About Me

Hi, my name is Eric Todd. I'm a third-year PhD student at Northeastern University advised by Professor David Bau. Prior to beginning my PhD, I studied Applied and Computational Mathematics at Brigham Young University (BYU).

I'm interested in understanding the learned structure of large neural networks, and how their internal representations enable their impressive generalization capabilities.

My research interests generally include machine learning and interpretability. I'm particularly excited by generative models and their applications in natural language and computer vision.


News

August 2024
Our causal interpretability survey is out on arXiv. As interpretability researchers, we're still trying to understand the right level of abstraction for thinking about neural network computation, but causal methods have become a promising method for studying them.
July 2024
Our preprint about NNsight and NDIF is out on arXiv.

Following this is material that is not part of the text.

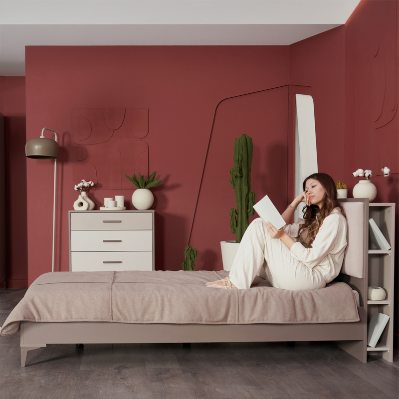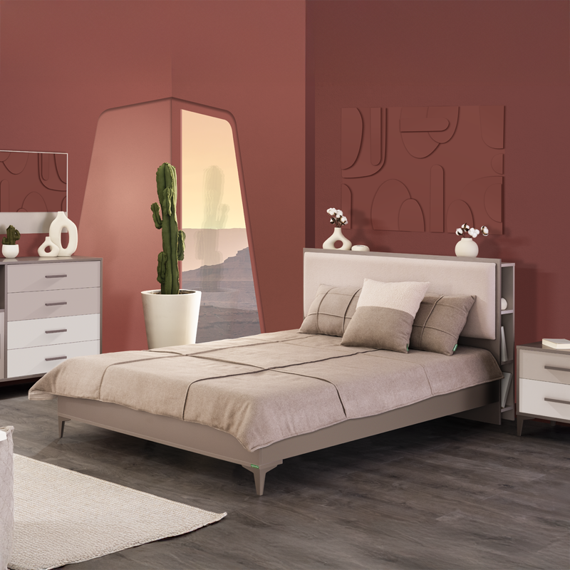 Легло RIGA разполага с тапицирана табла, която включва практични ниши – идеалното място за любими книги или лични вещи. Конструкцията е подсилена с допълнителна опора, за да гарантира стабилност и здравословен сън, а високите крачета позволяват лесно и безпрепятствено почистване под леглото. Изработено от висококачествени материали, леглото съчетава дълготрайна издръжливост с изключителен комфорт. Пълна информация за размерите и характеристиките на модела ще намерите в таблицата в таб/поле "Техническа информация".

I'm excited about this framework for enabling access to the internal computations of large foundation models!
May 2024
Invited Talk on Function Vectors at the Princeton Neuroscience Institute.
May 2024
Had a great time presenting our Function Vectors work at ICLR 2024.
January 2024
Our Function Vectors paper was accepted to ICLR!

Selected Publications

nnsight-paper NNsight and NDIF: Democratizing Access to Foundation Model Internals. Jaden Fiotto-Kaufman, Alexander R. Loftus, Eric Todd, Jannik Brinkmann, Caden Juang, Koyena Pal, Can Rager, Aaron Mueller, Samuel Marks, Arnab Sen Sharma, Francesca Lucchetti, Michael Ripa, Adam Belfki, Nikhil Prakash, Sumeet Multani, Carla Brodley, Arjun Guha, Jonathan Bell, Byron C. Wallace, David Bau. 2024.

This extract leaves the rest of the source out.